Geçip Giden Bayramın Görünmeyen Yüzü…
Bayramınız mübarek olsun!
Sizlerin de efendim!
Nasılsınız?
İyiyim teşekkür ederim, ya siz?
Bende iyiyim…
Bayram boyunca bu tip cümleler defalarca dillerde döner durur!
Aksini hiç duyamazsınız!
Face ler,
Vassaplar,
Mesajlar bu cümlelerin yazılı olduğu söz ve görsellerle dolar taşar.
herkeste muazzam bir duyarlılık! İzlenimi vardır.
hassasiyet had safhadadır!
Herkes birbirlerini tebrikler eder,
Gereğini yapmasalar da, "Nasılsınız" diye sorarlar.
O gün,
En güzel bayram metinlerini bulma,
En güzel bayram görselleri buluşturma günüdür adeta.
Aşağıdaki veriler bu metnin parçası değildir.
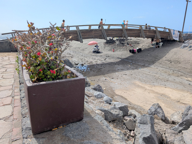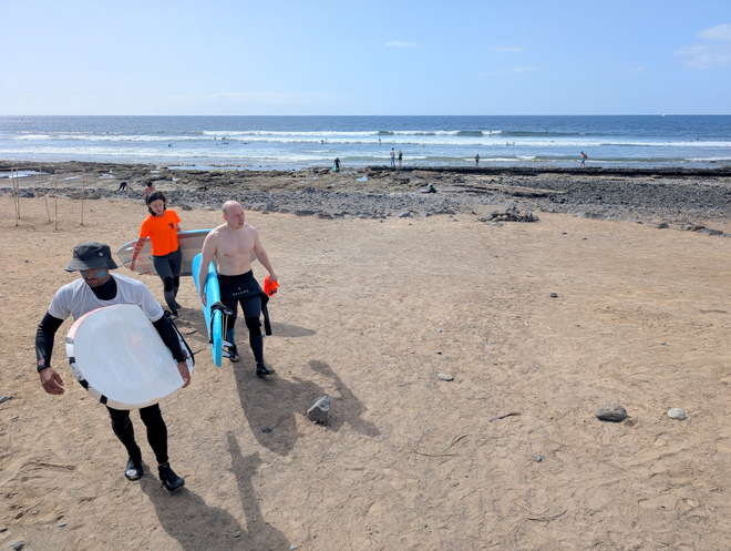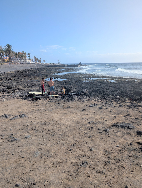 More surfers, and coarser beaches, clearly old lava flows.

Bütün bunlar işin edebiyat kısmıdır aslında!
İşin samimi göstergesi;
Bayramlıkları giydirilmiş yanakları al al çocukların ellerinde torbaları ile heyecanla bayram şekeri toplama geleneğini sürdürme çabalarıdır.
Dayımın aldığı ilk iskarpin ayakkabımla bayram sabahına kadar yatmamdır.
Çocukların harçlık peşinde koşmalarıdır.
Küçüklerin büyüklerin ellerini öpmeleridir,
Kabirlerin ziyaret edilmeleridir.
Bütün bunlar bayramın görünen yüzüdür.
***
Bayramların bir de görünmeyen yüzü vardır ki;
Bu yüzde,
Hüzünler katmerleşir.
Anılar depreşir.
Özlemler derinleşir .
Gözler sulanır.
Misal O gün;
Şehitler'in;
Eşleri,
Yetimleri,
Anneleri,
Babaları,
Kardeşleri sizce nasıl olurlar!
Ya çadırlarında yanlarında olmayan evlatlarına, için için ağlayan Diyarbakır anneleri!
Ya pek çok sevdiklerini kaybetmiş acılarla dolu depremzedeler!
Ya huzur evlerinde bulunan ve şefkat bekleyen kimsesiz yaşlılar!
Ya çocuk yuvalarındaki kimsesiz çocukların gözlerindeki yalnızlık!
İşinden olmuş, çocuklarına bir şey alamayan babalar!
Ya birbirlerine haksızlık yapmış konuşmayan insanlar!
Yıllarca mirası paylaşamayan birbirlerine duyarsız ve acımasız kardeşler!
İrtibatı kesmiş akrabalar…
***
Bayramlar bu görünmeyen yüzde ızdıraptır.